Both rapid weight gain and the skin changes that follow significant weight loss can produce stretch marks. Gaining a large amount of weight over weeks or months stretches skin beyond its elastic limit, especially around the abdomen, flanks, and upper arms. Yo-yo dieting, where weight repeatedly cycles up and down, compounds the problem because the skin’s collagen fibers are damaged and repaired in a weaker configuration each time.

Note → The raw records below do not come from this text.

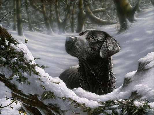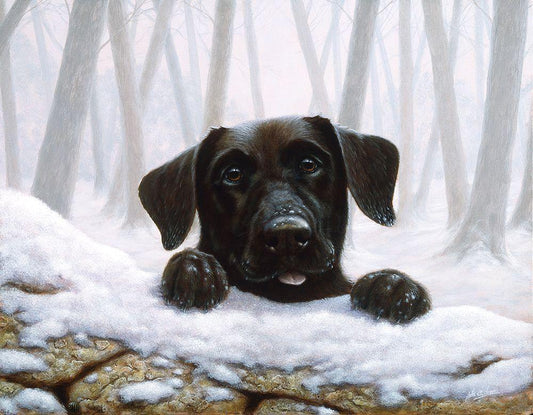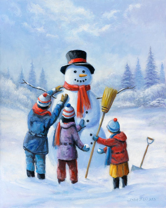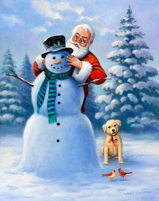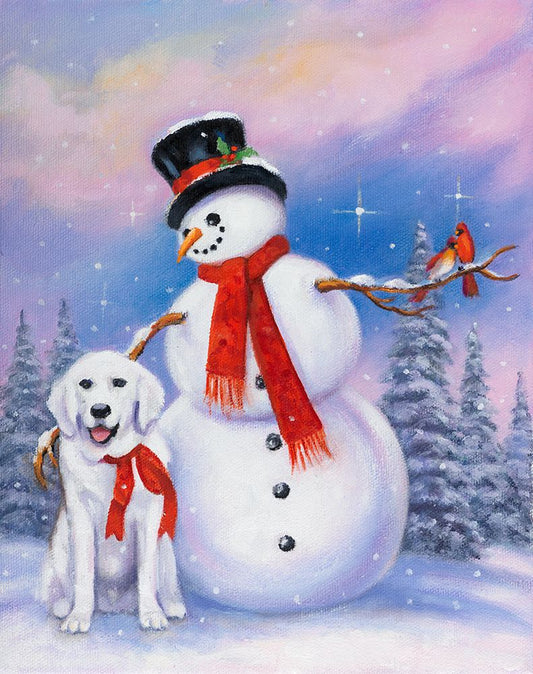 Snowman and Dog White Modern Wood Framed Art Print with Double Matting by Zaccheo, John
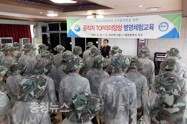 대전 서구(구청장 박환용)는 간부공무원들의 도전정신과 진취적 마인드를 배양하고 공직분위기 일신을 위해 ‘공직자 TOP리더 양성 병영체험 교육’을 가졌다.
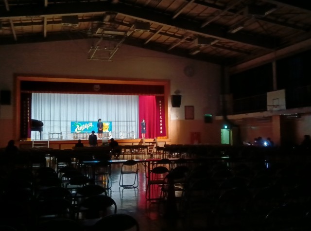 写真は、昨日実行委員の担当者が最後のリハーサルを行っていた様子です。委員の皆さんの影の努力で本日が迎えられます。本当にありがとうございます。舞台上のスローガンも委員の力作です。どうぞご期待ください。
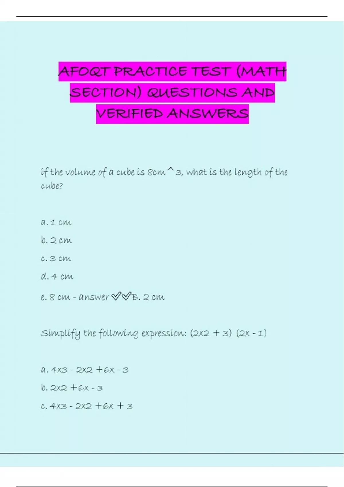 AFOQT PRACTICE TEST (MATH SECTION) QUESTIONS AND VERIFIED ANSWERS
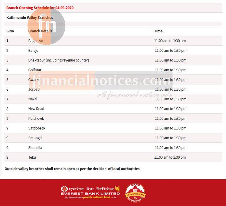 Everest Bank का शाखाहरु सञ्चालन रहने सम्बन्धी सूचना
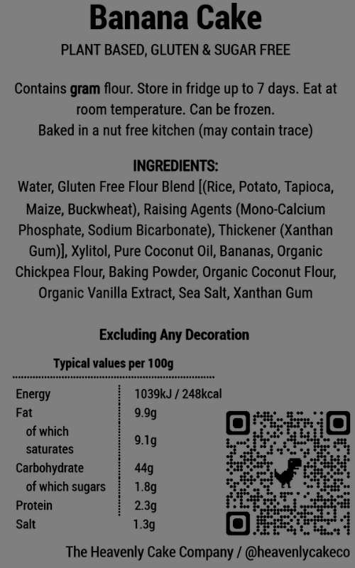 Nutritional info. This cake comes with a coconut based topping.  Sweetened with xylitol which is lower calorie and suitable for diabetics, but not suitable for babies or pets. Note that xylitol can have a laxative effect if eaten in excess.
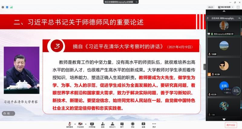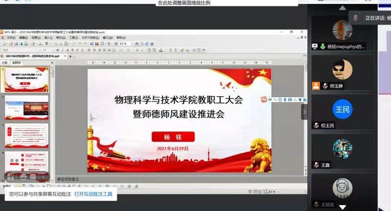 开展师德专题教育实施方案》等,进一步加强物理学院教职工师德师风建设,营造良好师德师风氛围,提升教师队伍整体素质。6月29日晚上,物理学院召开全体教职工大会暨师德师风建设推进会。学院全体教职工90余人参加会议,会议采用线上会议的方式召开,由学院党委书记杨铭主持。
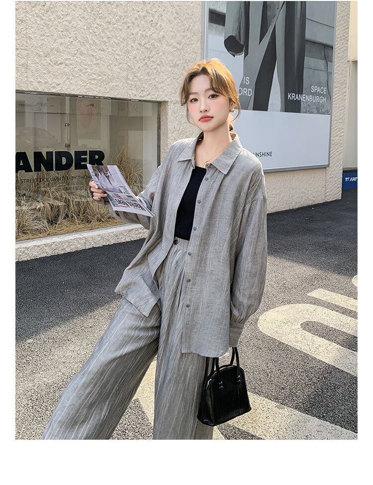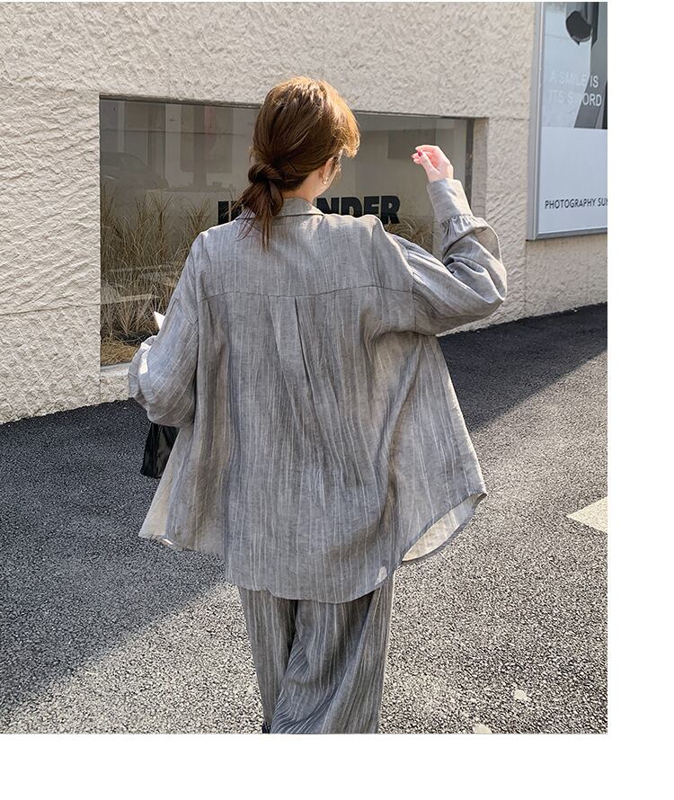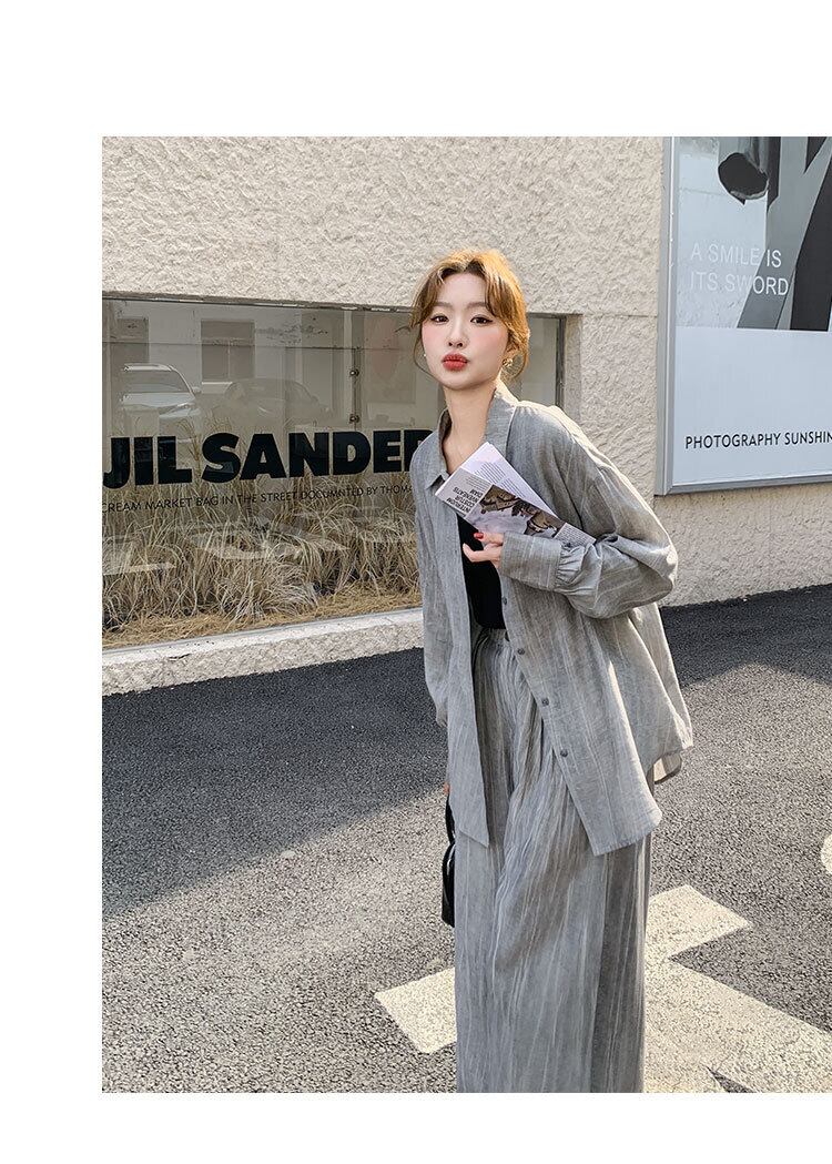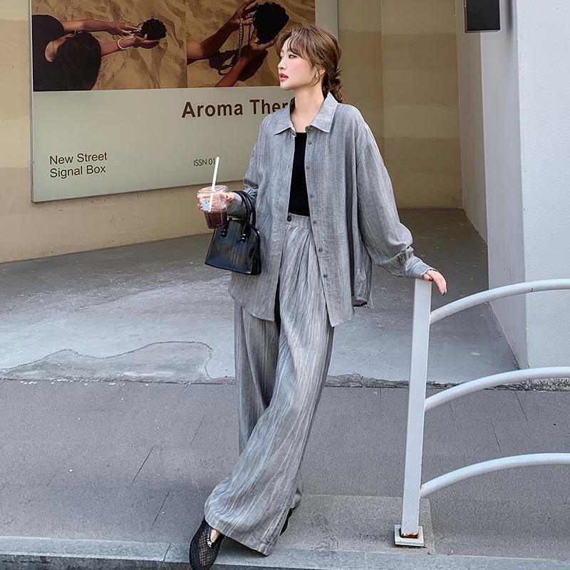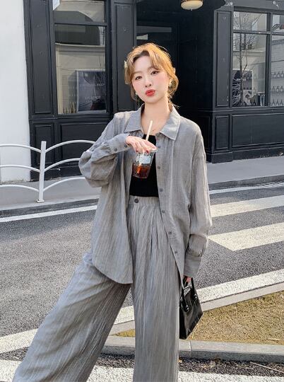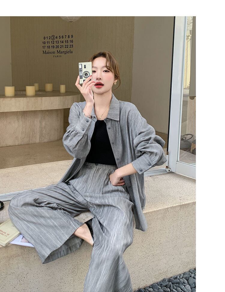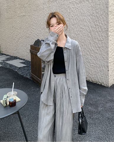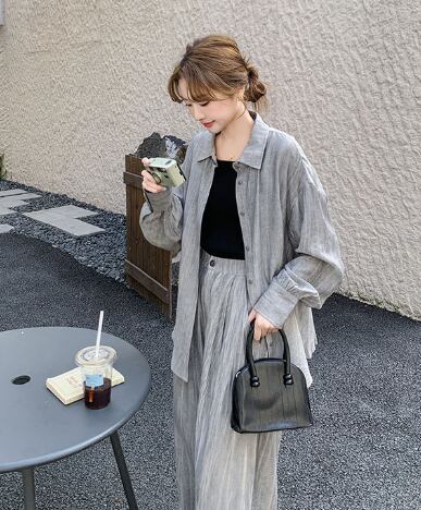 シンプルながらも存在感を放つ、レディース用パンツ&シャツのロングセットアップです。角襟シャツとストレートワイドパンツの組み合わせが、メンズライクなかっこよさと女性らしい抜け感を両立。ボタンやポケット付きで実用性も高く、ラフに羽織るだけでこなれ感のあるスタイルが完成します。

Corticosteroids and Medications

Long-term use of corticosteroid creams, lotions, or pills is a well-documented cause of stretch marks. Corticosteroids reduce the skin’s ability to produce collagen, making it thinner and less resilient. Even topical steroid creams applied to the same area for extended periods can cause localized skin thinning and stretch marks. One clinical case documented a patient who developed visible stretch marks on her forearm after using a high-potency steroid cream on the same spot for over two years.

Systemic corticosteroids (oral or injected) carry a higher risk because they affect skin throughout the body. If you use prescription steroid creams regularly, applying them for the shortest effective duration helps reduce this side effect.

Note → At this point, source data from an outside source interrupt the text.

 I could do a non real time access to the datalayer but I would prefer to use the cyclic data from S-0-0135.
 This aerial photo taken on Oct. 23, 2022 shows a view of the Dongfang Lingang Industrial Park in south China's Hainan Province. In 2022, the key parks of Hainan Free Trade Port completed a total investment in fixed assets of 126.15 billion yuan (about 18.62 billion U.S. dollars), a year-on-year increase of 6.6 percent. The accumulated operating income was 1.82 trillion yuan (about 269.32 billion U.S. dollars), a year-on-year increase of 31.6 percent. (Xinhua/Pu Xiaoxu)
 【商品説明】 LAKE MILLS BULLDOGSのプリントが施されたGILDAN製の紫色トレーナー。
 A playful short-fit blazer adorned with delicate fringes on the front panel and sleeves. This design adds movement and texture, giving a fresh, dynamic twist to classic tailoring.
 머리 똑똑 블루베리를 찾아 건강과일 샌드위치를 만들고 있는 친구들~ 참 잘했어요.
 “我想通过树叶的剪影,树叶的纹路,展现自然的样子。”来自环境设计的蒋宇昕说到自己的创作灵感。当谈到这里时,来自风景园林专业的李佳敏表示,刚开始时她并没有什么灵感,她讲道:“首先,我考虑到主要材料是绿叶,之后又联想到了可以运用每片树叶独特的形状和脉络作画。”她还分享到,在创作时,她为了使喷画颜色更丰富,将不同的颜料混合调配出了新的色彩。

Medical Conditions That Cause Stretch Marks

Certain health conditions produce stretch marks as a symptom, sometimes in patterns that look different from typical ones. Cushing’s syndrome, a condition where the body produces too much cortisol, causes distinctive pink or purple stretch marks on the stomach, hips, thighs, breasts, and underarms. These marks tend to be wider and more deeply colored than ordinary stretch marks. Cushing’s syndrome also causes a rounded face and a fatty hump between the shoulders, so stretch marks appearing alongside those features warrant a medical evaluation.

Connective tissue disorders like Marfan syndrome and Ehlers-Danlos syndrome also increase susceptibility. People with these conditions have structural differences in their collagen or elastin from birth, meaning their skin is more fragile and prone to tearing even with normal growth.

Who Is Most at Risk

  • Women are affected more often than men, partly because of pregnancy but also because of hormonal differences in skin composition.
  • Younger people develop them more readily during periods of rapid change, as the data on pregnant women under 20 clearly shows.
  • People with a family history of stretch marks are significantly more likely to get them, pointing to a strong genetic component.
  • Those with higher body weight before a period of rapid change face increased odds.

Can You Prevent or Treat Them

No cream or oil has been proven to reliably prevent stretch marks. Keeping skin well-moisturized may improve its flexibility, but it won’t override genetics or the mechanical forces involved in rapid stretching. Gradual weight changes, when possible, give skin more time to adapt.

For marks that have already formed, the timing of treatment matters. Fresh, red or purple stretch marks respond better than old, white ones. Tretinoin cream (a prescription retinoid) applied daily for 12 weeks has been shown to reduce the length of pregnancy-related stretch marks by about 20%. Platelet-rich plasma injections performed by dermatologists have shown stronger results in clinical trials, with improvement and satisfaction rates near 87% to 90%, compared with about 60% for tretinoin cream alone.

Laser treatments, particularly fractional lasers, work by stimulating new collagen production in the scarred dermis. Multiple sessions are typically needed, and results vary depending on skin tone, mark age, and severity. Older, white stretch marks are the hardest to improve because the scar tissue is fully mature, though laser therapy can still reduce their visibility. No treatment eliminates stretch marks completely, but the combination of early intervention and professional procedures offers the most noticeable improvement.